Welcome to the New Year. Enjoy this week's news.

  • We have a little bit of catching up to do with our gratitude, but have to start with our friend Kaid Benfield. I had turned off my computer prior to Christmas through the New Year so I didn't see his "Favorite posts of 2010" piece until this week. Amongst the references to some great columns, he mentioned us as one of his favorite blogs, which is humbling as Kaid is an excellent writer and well-read himself. His kind and generous promotion of our work last year is a big part of why our readership has grown so tremendously. Kaid, thank you.
  • In early December I was interviewed by Paul Dechene of the Prairie Dog Magazine in Regina, Saskatchewan (that's in Canada, eh). We had a great interview and I could tell Paul was a good reporter that really got the subject matter, so I was not surprised when the article turned out excellent. The way he used the quotes to play off each other was very compelling. Take some time and read it - well worth the effort. I have an article on some Canadian controversy sent to me by a friend that I am going to feature in the coming weeks, so look for more concerning our friends to the north.

Marohn has an alternative model that could reduce the long-term costs of development. He argues our current focus on outward growth needs to be chucked for more robust zoning codes that encourage maturing neighbourhoods.
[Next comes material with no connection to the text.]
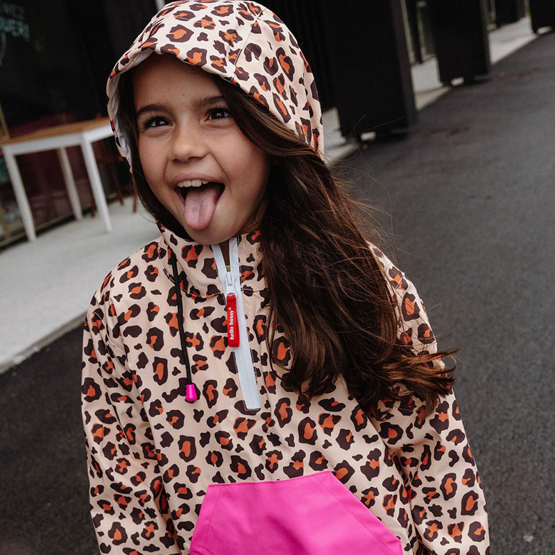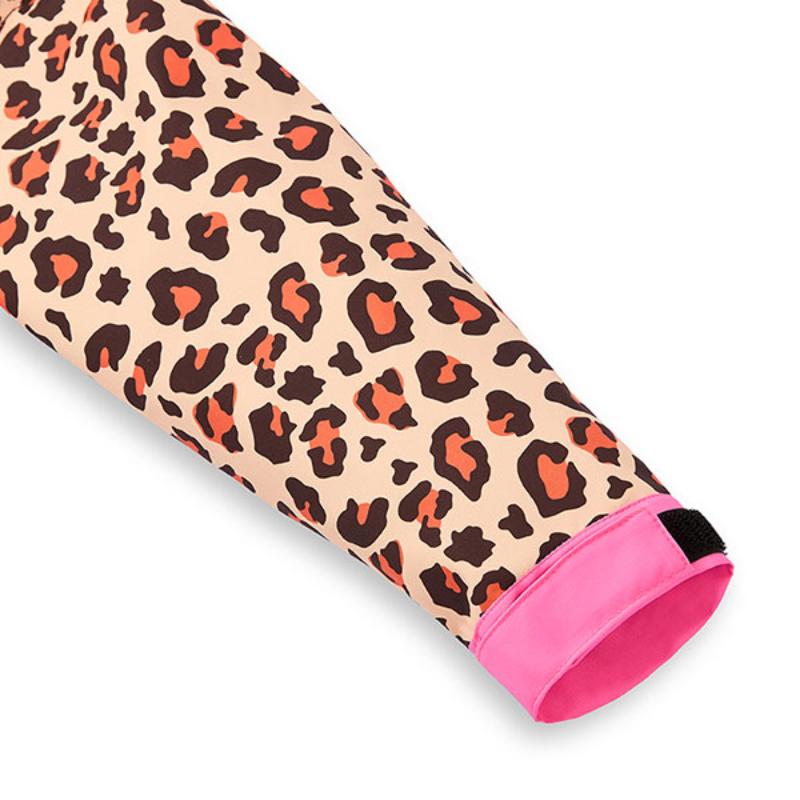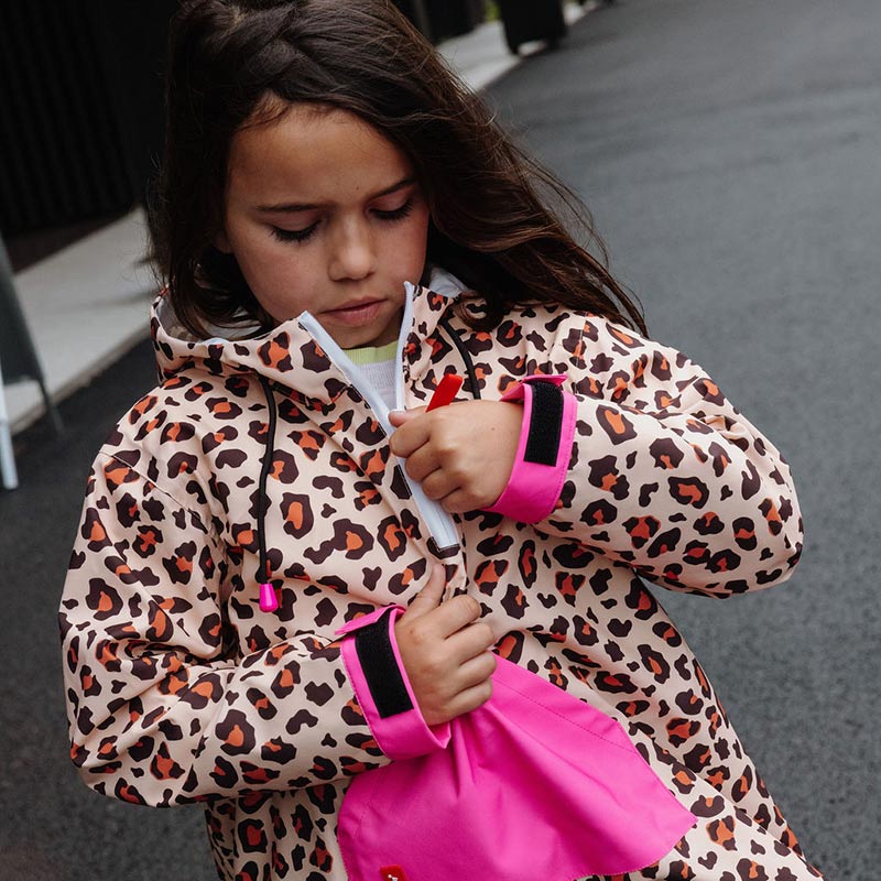 Лёгкое пончо с леопардовым принтом и розовыми акцентами. Водонепроницаемая ткань сертифицирована на показатель более 10 000 мм. Регулируемый капюшон со шнурком плотно прилегает к голове. Передний карман для мелочей или рук. Свободный крой позволяет надевать пончо поверх куртки. Компактно складывается в небольшую сумку для хранения.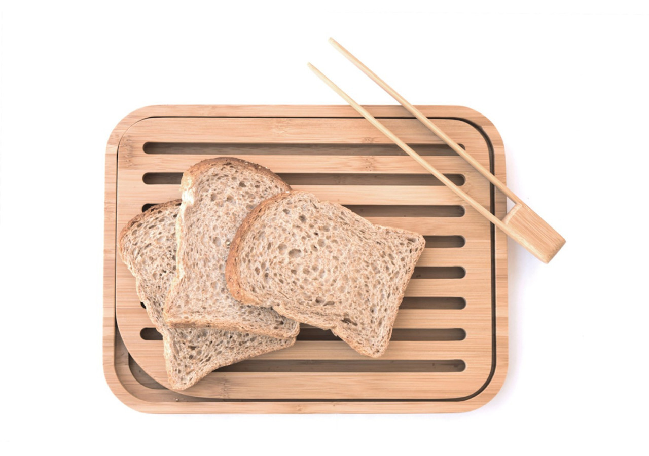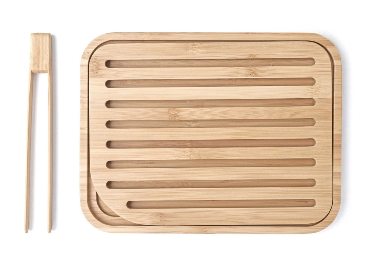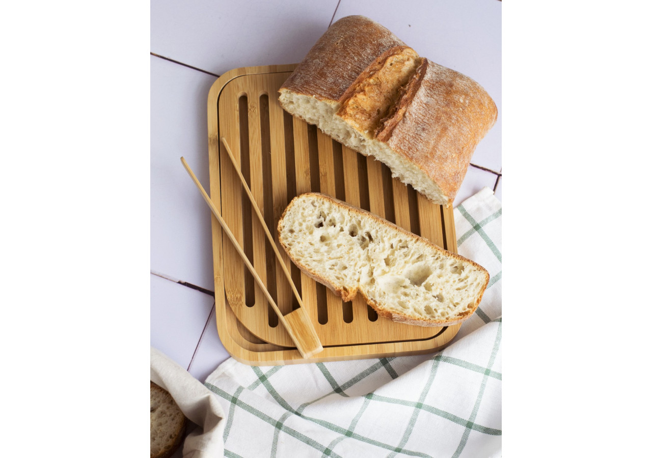 La Planche à pain Bamboe de Pebbly est à la fois esthétique et pratique. Mesurant 26 x 20 cm, elle dispose d'une couche supérieure amovible pour recueillir les miettes.

“I’m all about infill,” he says. “But what’s really needed is to mature those neighbourhoods. So when you have a neighbourhood of single-family homes, a good form-based code would, over time, mature those into duplexes or something that would have a higher level use. Where you have duplexes those may be matured into row houses. So, your neighbourhoods are in a constant state of growth.

“It’s a step beyond infill; it’s maturation.”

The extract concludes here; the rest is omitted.